Saved data entries
______

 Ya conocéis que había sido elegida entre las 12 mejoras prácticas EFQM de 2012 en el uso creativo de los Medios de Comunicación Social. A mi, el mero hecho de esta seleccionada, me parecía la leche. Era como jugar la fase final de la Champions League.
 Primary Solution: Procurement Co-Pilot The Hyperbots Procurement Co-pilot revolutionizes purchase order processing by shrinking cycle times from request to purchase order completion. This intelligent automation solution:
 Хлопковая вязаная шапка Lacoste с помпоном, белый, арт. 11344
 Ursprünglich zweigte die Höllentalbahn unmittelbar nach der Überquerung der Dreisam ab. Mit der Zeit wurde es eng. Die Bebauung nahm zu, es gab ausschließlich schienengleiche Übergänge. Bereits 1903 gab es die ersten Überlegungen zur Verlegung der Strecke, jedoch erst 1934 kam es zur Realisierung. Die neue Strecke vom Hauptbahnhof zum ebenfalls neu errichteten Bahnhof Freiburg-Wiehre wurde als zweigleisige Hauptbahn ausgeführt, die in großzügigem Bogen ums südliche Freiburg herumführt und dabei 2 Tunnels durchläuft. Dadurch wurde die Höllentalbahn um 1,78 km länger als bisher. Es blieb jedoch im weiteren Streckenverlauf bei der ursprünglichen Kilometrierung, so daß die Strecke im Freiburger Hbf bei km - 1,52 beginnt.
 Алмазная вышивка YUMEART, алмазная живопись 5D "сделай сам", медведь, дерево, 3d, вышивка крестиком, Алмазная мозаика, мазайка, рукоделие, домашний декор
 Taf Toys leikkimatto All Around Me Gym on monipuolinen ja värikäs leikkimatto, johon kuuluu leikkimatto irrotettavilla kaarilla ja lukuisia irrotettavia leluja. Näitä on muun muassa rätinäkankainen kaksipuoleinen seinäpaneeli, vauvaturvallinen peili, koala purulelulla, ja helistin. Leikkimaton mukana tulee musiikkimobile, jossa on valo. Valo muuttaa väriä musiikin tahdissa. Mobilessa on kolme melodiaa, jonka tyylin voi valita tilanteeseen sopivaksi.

______

- **EXERCISE OBJECTIVE**
The required output is the set of lines from the first line of the data through the line that contains "Алмазная вышивка YUMEART, алмазная", transcribed exactly.

- **TASK SOLUTION**
 Ya conocéis que había sido elegida entre las 12 mejoras prácticas EFQM de 2012 en el uso creativo de los Medios de Comunicación Social. A mi, el mero hecho de esta seleccionada, me parecía la leche. Era como jugar la fase final de la Champions League.
 Primary Solution: Procurement Co-Pilot The Hyperbots Procurement Co-pilot revolutionizes purchase order processing by shrinking cycle times from request to purchase order completion. This intelligent automation solution:
 Хлопковая вязаная шапка Lacoste с помпоном, белый, арт. 11344
 Ursprünglich zweigte die Höllentalbahn unmittelbar nach der Überquerung der Dreisam ab. Mit der Zeit wurde es eng. Die Bebauung nahm zu, es gab ausschließlich schienengleiche Übergänge. Bereits 1903 gab es die ersten Überlegungen zur Verlegung der Strecke, jedoch erst 1934 kam es zur Realisierung. Die neue Strecke vom Hauptbahnhof zum ebenfalls neu errichteten Bahnhof Freiburg-Wiehre wurde als zweigleisige Hauptbahn ausgeführt, die in großzügigem Bogen ums südliche Freiburg herumführt und dabei 2 Tunnels durchläuft. Dadurch wurde die Höllentalbahn um 1,78 km länger als bisher. Es blieb jedoch im weiteren Streckenverlauf bei der ursprünglichen Kilometrierung, so daß die Strecke im Freiburger Hbf bei km - 1,52 beginnt.
 Алмазная вышивка YUMEART, алмазная живопись 5D "сделай сам", медведь, дерево, 3d, вышивка крестиком, Алмазная мозаика, мазайка, рукоделие, домашний декор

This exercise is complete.